To do:
Everything from the line containing "Le Conservatoire des" to the end of the listing, both included, should be returned exactly, apart from the pictures.
======== Given data
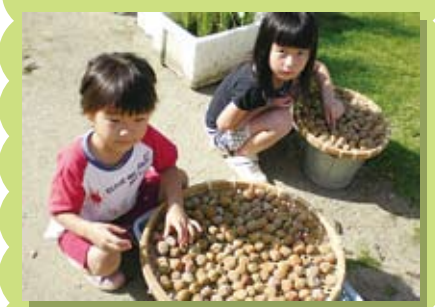
日本の伝統文化の実施
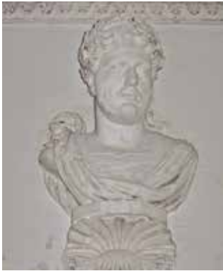
Pézenas, escalier de l'hôtel Lépine. Buste à l'Antique.

Frises de rinceaux peuplée de putti . En haut, gravure de Jean Le Pautre, vers 1670. En bas, Montpellier, hô- tel de Mirman, détail du plafond.
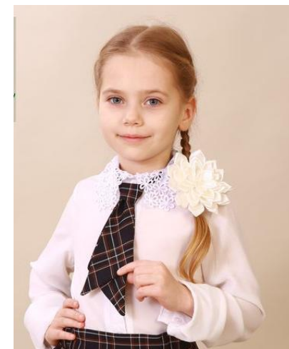
Ласточка 489 руб.
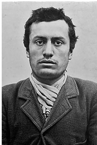
Benito Mussolini, directeur van ‘Avanti’
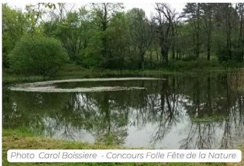
Concours Folle Fête de la Nature

Le Conservatoire des Espaces Naturels d'Occitanie a la charge de la préservation et de l'entretien des mares et lavognes du Causse du Larzac.
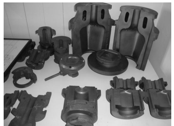
Zentraler Formenbau in Wauwil
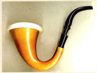
内钵为海泡石的葫芦烟斗
================
Response:
Le Conservatoire des Espaces Naturels d'Occitanie a la charge de la préservation et de l'entretien des mares et lavognes du Causse du Larzac.
Zentraler Formenbau in Wauwil
内钵为海泡石的葫芦烟斗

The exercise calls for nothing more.